Dunn peered up to the crest of the south bank to a glorious sight—a dozen or more Texas Rangers, wreathed in powder smoke, their ramrods flashing in the sun as they sought new targets. Maybe he wasn’t done after all
James Dunn thought his time had come, that this mild day in early 1841 would be his last. Hands bound and body lashed to the saddle of a Comanche pony, he glanced warily about him as his captors chivvied a herd of stolen mounts across the shallow ford of the Guadalupe River at the Pinta Trail Crossing, 45 miles north of San Antonio, in the Republic of Texas. Only the day before, Comanche Chief Yellow Wolf and 80 warriors had struck the western fringes of town, killing two Hispanic citizens and a black sheepherder before happening upon the Irish emigrant as he herded his own flock of woolies. Only his lush mane of coppery red hair had saved him from a quick lance thrust. The Comanches had not seen such hair before and were awed by the sight of a man presumably favored by the Great Spirit and possessing strong medicine. But Dunn expected to lose his favored status at any moment.
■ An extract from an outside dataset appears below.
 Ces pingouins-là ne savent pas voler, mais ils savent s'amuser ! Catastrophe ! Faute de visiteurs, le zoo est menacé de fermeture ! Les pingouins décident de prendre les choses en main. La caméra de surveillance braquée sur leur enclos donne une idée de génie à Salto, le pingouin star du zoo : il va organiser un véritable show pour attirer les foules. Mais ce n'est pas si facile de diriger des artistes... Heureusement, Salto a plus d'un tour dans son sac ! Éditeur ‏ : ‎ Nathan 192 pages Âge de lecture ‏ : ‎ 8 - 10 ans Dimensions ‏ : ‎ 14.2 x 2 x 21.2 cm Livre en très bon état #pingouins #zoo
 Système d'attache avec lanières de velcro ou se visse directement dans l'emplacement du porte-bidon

Yellow Wolf’s raiding party was moving north from San Antonio along the ancient trace of the Pinta Trail, which had long served as a route through the Hill Country for Indians, Spanish and Mexicans. The warriors were driving the horses and mules toward their home village in the hills well above the Guadalupe and Colorado rivers. Several warriors had ridden close alongside Dunn and stroked his head in wonder, but that didn’t keep the captive from worrying about his scalp. The raiding party paused at the river to allow its mounts and plundered herd to drink, and then, in late afternoon, the band started up the north bank. Suddenly, a thunderous volley of gunshots filled the cleft of the river channel, and rifle balls knocked several Comanches to the ground. Dunn peered up to the crest of the south bank to a glorious sight—a dozen or more Texas Rangers, wreathed in powder smoke, their ramrods flashing in the sun as they sought new targets. Maybe he wasn’t done after all; James Dunn felt the thrill of hope. That’s what the very sight of Rangers could do for pioneers who braved the Texas frontier.
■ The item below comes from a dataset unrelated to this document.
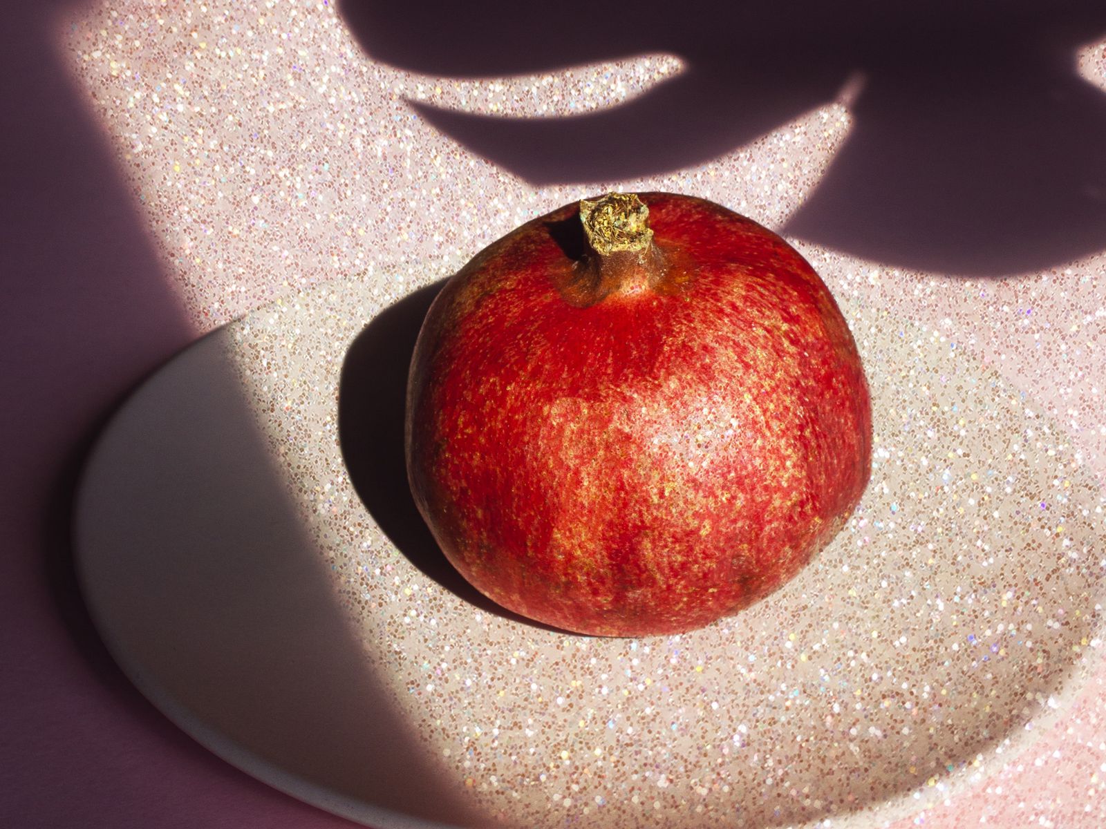 1600x1200 гранат, фрукт, тарелка, тень обои стандарт 4:3

James Dunn had arrived in San Antonio by March 1840 and was on hand at the Council House Fight, a pitched battle that broke out on the town’s streets in the wake of heated negotiations with visiting Comanche chieftains. In that conflict, Dunn shot to death a warrior who was attempting to kill John James, a prominent local surveyor and rancher. By 1841 Dunn was herding sheep, which ordinarily would be a peaceful occupation. But on the Texas frontier, the Comanches pledged peace to no man.
The officer who led the troop of Texas Rangers at Pinta Trail Crossing—much to Dunn’s delight—was John Coffee “Jack” Hays. The 24-year-old Tennessee native had lived in Texas since 1836, periodically following his profession as a surveyor, but spending more and more of his time in service with the Rangers. He had started as a gentleman private but was now captain of his own company. Hays was a veteran of fights with hostile Indians, Santa Anna’s invading soldados and border bandidos. On this winter day in 1841, Hays meant to see more Comanche blood darken the crystal flow of the Guadalupe.
With bullets whizzing everywhere, Dunn’s thrill of hope was replaced by the bleak realization that a Ranger bullet could just as easily strike him as one of the warriors who milled about him in momentary panic. Chief Yellow Wolf shouted for his braves to hold position in the ford long enough to retrieve their dead and wounded comrades. Finally, the Comanches quirted their ponies out of the shallows and up the gentle slope of the Guadalupe’s north bank. Cresting the rise, they thundered free of the river’s cypress-lined channel onto the open plains.
Captain Hays led his Ranger company forward at a run, splashing through the ford on the heels of the fleeing braves, eager to make them pay for the three fresh scalps that swung at their belts. Behind him rode two Lipan Apache trackers and 16 Rangers, with fresh powder and projectiles seated in their rifles’ breeches. Among them was 20-year-old James Wilson Nichols, who would leave in his memoirs the only extant detailed account of this often overlooked action. The exact date of the engagement is not known, but it most likely occurred in February 1841.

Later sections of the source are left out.